→ **Problem requirements**
Each line below from the line with "假设GC线程准备下一步标记工" to the line with "This means information" must be copied exactly, including those two, and no picture may appear in the copy.

→ **Data for this exercise**
++++++++++
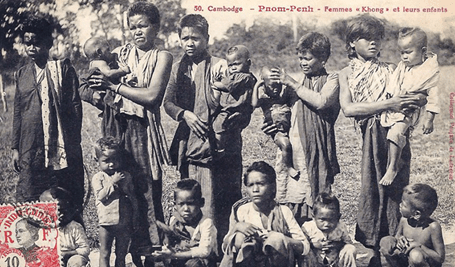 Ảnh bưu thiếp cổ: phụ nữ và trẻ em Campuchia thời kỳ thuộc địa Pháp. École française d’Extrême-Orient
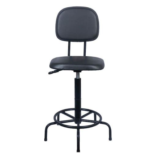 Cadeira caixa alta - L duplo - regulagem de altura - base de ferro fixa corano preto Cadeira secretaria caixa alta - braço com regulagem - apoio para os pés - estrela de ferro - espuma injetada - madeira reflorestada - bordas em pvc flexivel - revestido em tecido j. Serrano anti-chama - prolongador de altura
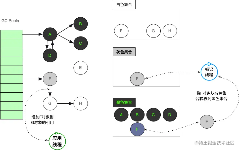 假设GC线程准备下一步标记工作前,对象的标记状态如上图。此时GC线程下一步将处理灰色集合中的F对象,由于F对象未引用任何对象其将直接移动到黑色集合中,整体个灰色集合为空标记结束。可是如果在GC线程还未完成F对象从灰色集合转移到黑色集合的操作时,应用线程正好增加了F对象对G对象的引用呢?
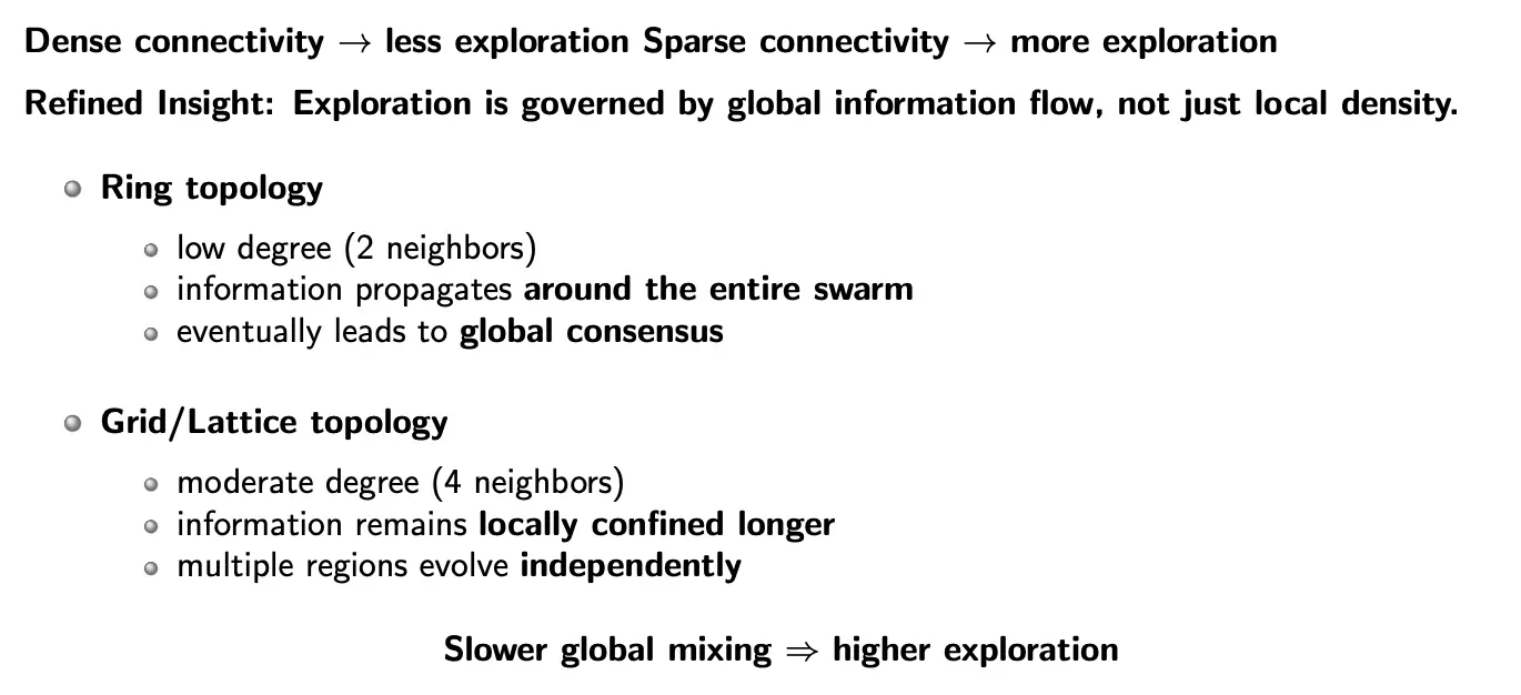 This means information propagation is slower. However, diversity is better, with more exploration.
++++++++++
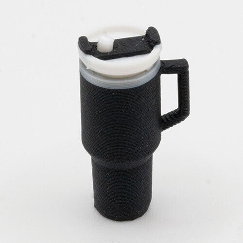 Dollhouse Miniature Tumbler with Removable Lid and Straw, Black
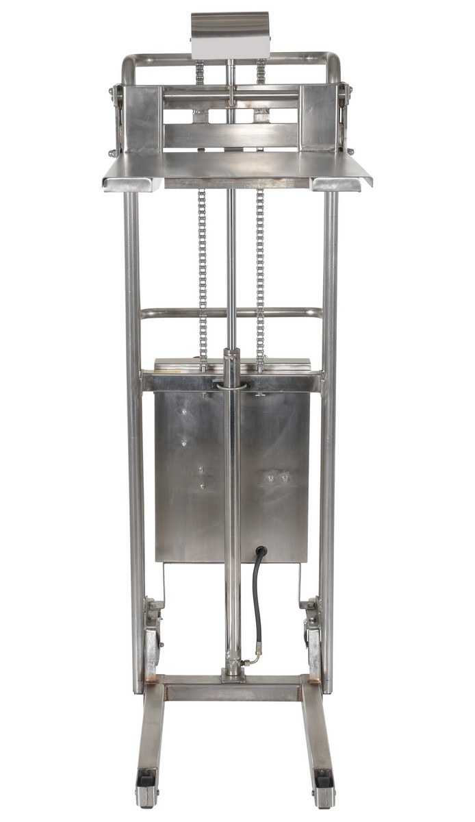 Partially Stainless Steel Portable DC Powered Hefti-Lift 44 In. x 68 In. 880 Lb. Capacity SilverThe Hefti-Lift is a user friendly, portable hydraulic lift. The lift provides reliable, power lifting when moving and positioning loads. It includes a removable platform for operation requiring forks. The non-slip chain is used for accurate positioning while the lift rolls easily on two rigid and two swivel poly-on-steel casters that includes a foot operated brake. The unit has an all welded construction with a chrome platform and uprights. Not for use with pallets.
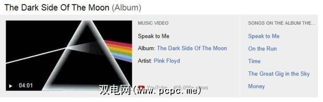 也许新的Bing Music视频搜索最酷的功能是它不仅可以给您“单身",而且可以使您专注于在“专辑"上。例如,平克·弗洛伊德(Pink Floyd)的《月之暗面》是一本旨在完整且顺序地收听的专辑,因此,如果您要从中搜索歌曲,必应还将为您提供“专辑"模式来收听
++++++++++
→ **Response below**
 假设GC线程准备下一步标记工作前,对象的标记状态如上图。此时GC线程下一步将处理灰色集合中的F对象,由于F对象未引用任何对象其将直接移动到黑色集合中,整体个灰色集合为空标记结束。可是如果在GC线程还未完成F对象从灰色集合转移到黑色集合的操作时,应用线程正好增加了F对象对G对象的引用呢?
 This means information propagation is slower. However, diversity is better, with more exploration.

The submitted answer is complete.